** Description of the task **
Lines from the beginning of the material below through the line that has "土台はイタリア製の硬質アクリ" are to be reproduced exactly, but pictures are not.
--- Input data ---
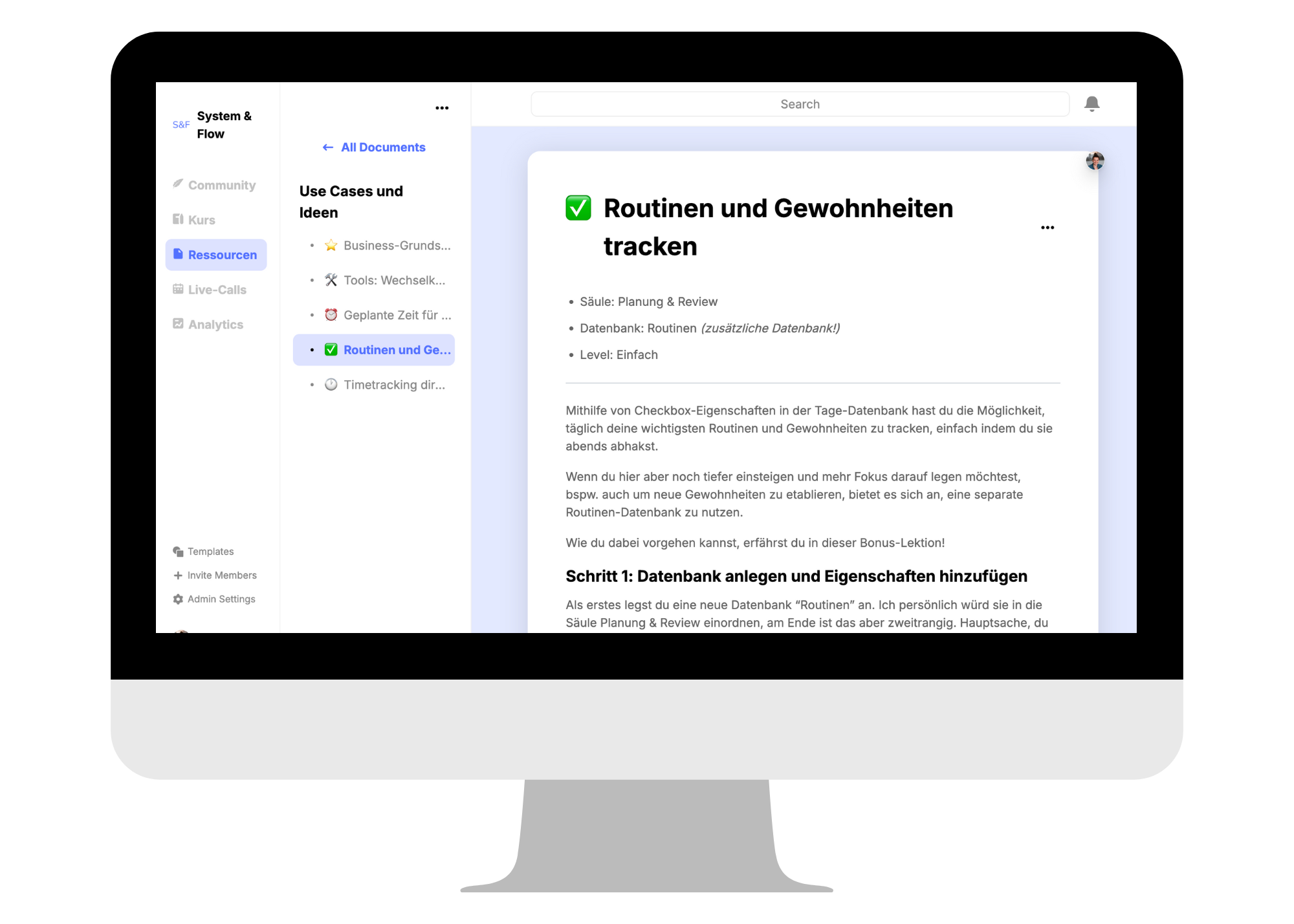 Wer kein One-size-fits-angeblich-all-Template von Notion nutzen, sondern wirklich die genau richtig passende Lösung für sein Business entwickeln möchte, dem kann ich den System & Flow Online-Kurs auf jeden Fall empfehlen.
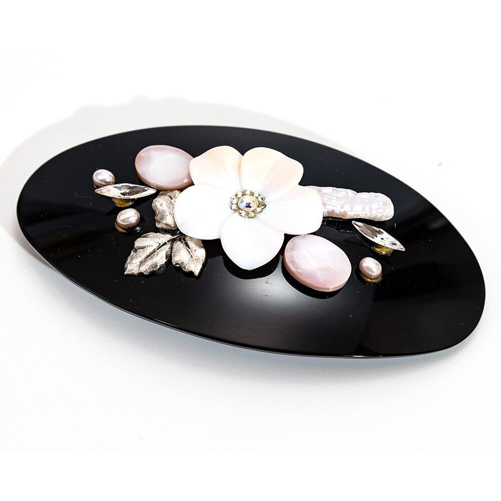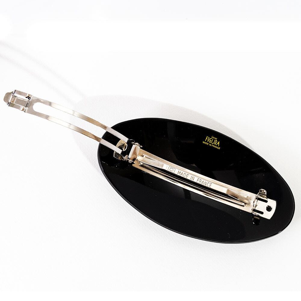 土台はイタリア製の硬質アクリル樹脂を用い、フランスの工房で仕上げました。 フランスの工房は、ヘアアクセサリーの伝統を受け継ぐ山奥の小さな町にある工房です。
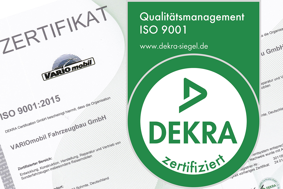 Die DEKRA Certification GmbH bestätigt VARIOmobil, dass am Standort 49163 Bohmte ein Qualitätsmanagementsystem entsprechend der Norm ISO 9001:2015 eingeführt wurde und aufrecherhalten wird. Zertifiziert wurden die Bereiche Entwicklung, Konstruktion, Herstellung, Reparatur und Vertrieb von Spezialfahrzeugen insbesondere Reisemobilen.
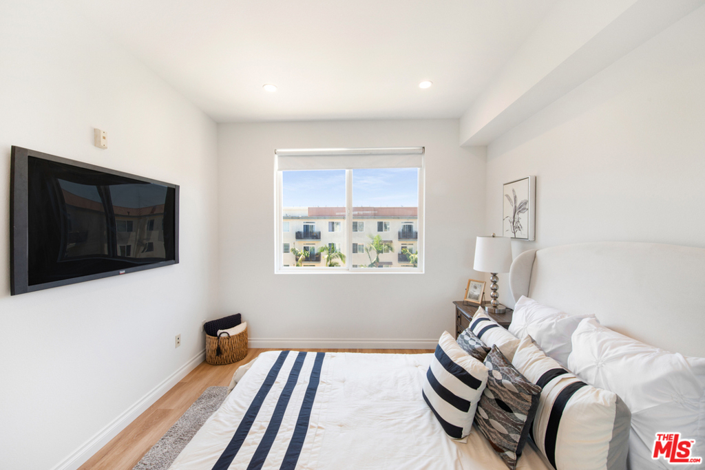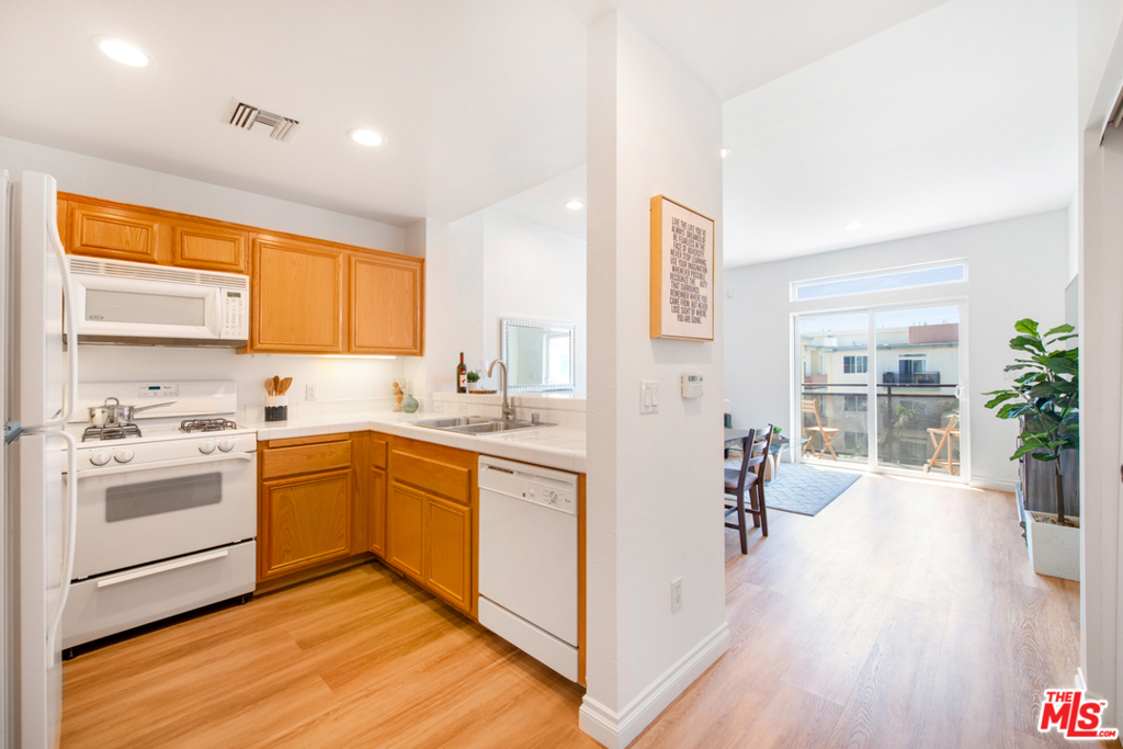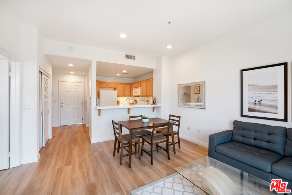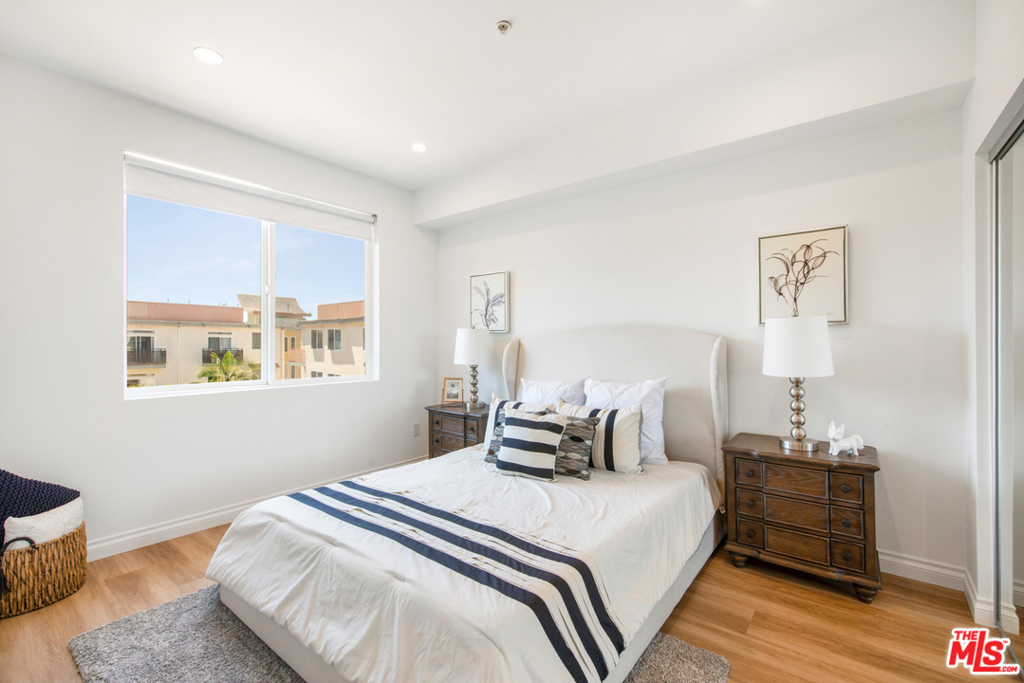 Tastefully updated Top Floor 1 bedroom 1 bath condo in Crescent Walk. Upgrades include new wood vinyl floors throughout . New LED recessed lights and New paint. Enjoy your morning coffee or afternoon grilling on your private balcony facing south towards the peaceful the courtyard. Grab your towel & go to the Centerpointe Club, pool fitness center right across the street. 2 dedicated tandem parking spaces. Separate gym located in the lobby for building residents. All Playa Vista amenities are included.
---
** Answer for the task **
 Wer kein One-size-fits-angeblich-all-Template von Notion nutzen, sondern wirklich die genau richtig passende Lösung für sein Business entwickeln möchte, dem kann ich den System & Flow Online-Kurs auf jeden Fall empfehlen.
 土台はイタリア製の硬質アクリル樹脂を用い、フランスの工房で仕上げました。 フランスの工房は、ヘアアクセサリーの伝統を受け継ぐ山奥の小さな町にある工房です。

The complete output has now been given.